-- About this task --
Copy out all of the lines below exactly; the pictures do not belong in the copy.
───── Information supplied
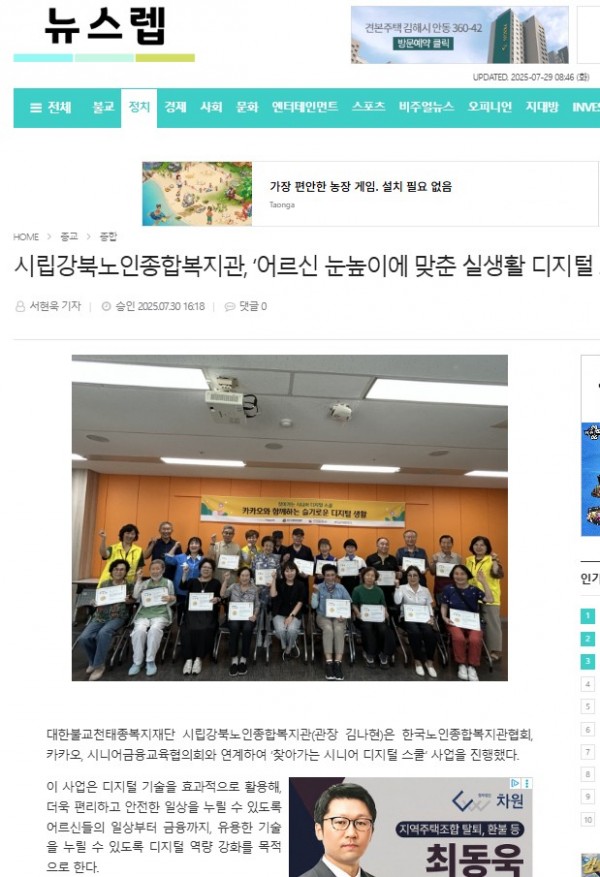 [2025.07.30] 시립강북노인종합복지관, ‘어르신 눈높이에 맞춘 실생활 디지털 교육’ - 뉴스렙
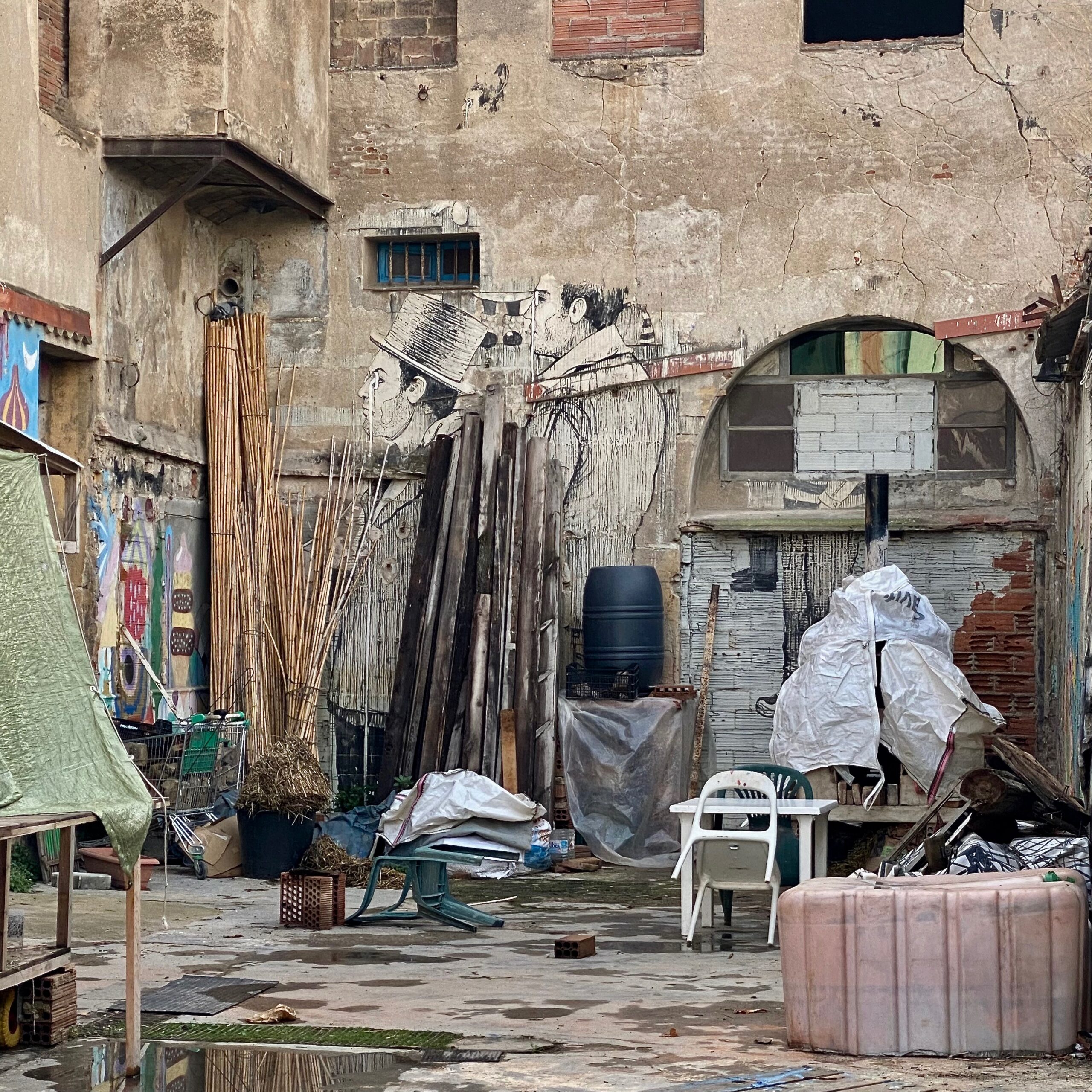 Cette ancienne usine de production de textiles a été transformée depuis 2008 en un immense espace de création artistique. Peintres, sculpteurs,… y travaillent et y vivent et profitent des équipements et du matériel mis à leur disposition par l’Associació d’Idees Ema. Sur le papier cela peut presque paraître idyllique ; mais quand on rentre dans La Escoceca on se retrouve surtout au cœur d’un bâtiment industriel complètement délabré et on a plus la sensation de rentrer dans un lieu croulant à l’abandon quand dans un espace de création artistique.
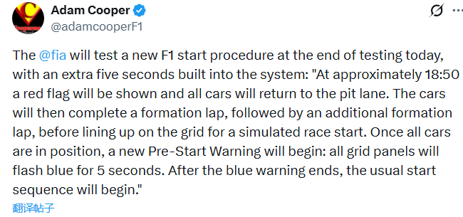 FIA将在今日测试结束之前评估新的发车程序,多给车手5秒时间:
──────────
-- Response --
 [2025.07.30] 시립강북노인종합복지관, ‘어르신 눈높이에 맞춘 실생활 디지털 교육’ - 뉴스렙
 Cette ancienne usine de production de textiles a été transformée depuis 2008 en un immense espace de création artistique. Peintres, sculpteurs,… y travaillent et y vivent et profitent des équipements et du matériel mis à leur disposition par l’Associació d’Idees Ema. Sur le papier cela peut presque paraître idyllique ; mais quand on rentre dans La Escoceca on se retrouve surtout au cœur d’un bâtiment industriel complètement délabré et on a plus la sensation de rentrer dans un lieu croulant à l’abandon quand dans un espace de création artistique.
 FIA将在今日测试结束之前评估新的发车程序,多给车手5秒时间:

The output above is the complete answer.